DenseNet

Funny thought, if we are accumulating all the features from all previous layers so after one forward pass we can only do backpropagation on last layer ??

So @amanarora , we are making it very easy for the model to get information from the previous layers.

If we do resnet like blocks, there might be some information loss as we’re only relying on a string of convolutions to retain all the information from previous layers

3 Likes

" The difference between ResNet and DenseNet is that ResNet adopts summation to connect all preceding feature- maps while DenseNet concatenates all of them"

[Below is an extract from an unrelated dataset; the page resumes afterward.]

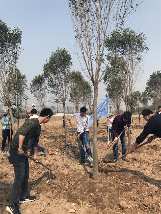 藍天白云下,明媚春光中,鮮紅的共青團旗迎風招展。在簡短的啟動儀式后,團員們集體奔赴指定種植區域,認真聽取園林技術人員的指導,有序領取鋤頭、鐵鍬等工具,投入到植樹活動當中。參加植樹的團員們相互協作,揮鍬鏟土、扶苗填坑、平土澆水,道道工序都做得規范認真,整個勞動場面繁忙而有序。在彩旗飄揚的植樹現場,呈現一片熱火朝天的勞動景象。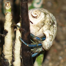 Where seen? This small hermit crab is seen near mangroves,

Ref.: https://openaccess.thecvf.com/content/WACV2021/papers/Zhang_ResNet_or_DenseNet_Introducing_Dense_Shortcuts_to_ResNet_WACV_2021_paper.pdf

3 Likes

Why does increasing the number of layers as we go deeper into the layers help?

i.e., we have 6 layers in the first Dense Block, but 48 towards the end? Why not the opposite?

Why does this gradually increasing number of layers from left to right help? Why not right to left? Why vary it at all?

Maybe I need to get my eyes tested since I’m always requesting this :sweat_smile:
Could you please zoom into the PDF please :slight_smile:

2 Likes

thanks @amanarora for the great description of the DenseNet model.

Thanks for the great explanation! I’m very eager to read the paper and try coding it. :slight_smile:

2 Likes

Thanks for the discussion. If you hv time, can you address this question this week or next -
the first layer inside the DenseBlock has only 32 outputs. So the 1x1 that follows it is not a Bottleneck anymore if it increases the feature maps to 128. But the term Bottleneck makes sense in the later layers in the DenseBlock.

1 Like

Thanks a lot for this session Aman. I am really learning and overcoming my fear of reading research papers thanks to these sessions :slight_smile: !

3 Likes

Great explanation. Had fun listening to the lecture and you made it look easy. I really liked how you broke down the architecture into smaller parts and explained each part.

3 Likes

We know for a fact that later layers (on the right) learn higher level abstractions (eyes, wheels etc) while earlier layers (on the left) learn basic structures such as lines and circles and such. Given this, my intuition on the reason for more layers in later dense blocks is that it takes more layers to learn higher level abstractions better (also reason why deeper networks considered to learn better) and hence we increase number of layers in dense blocks which are deeper in the network and not the other way around. I could however be wrong!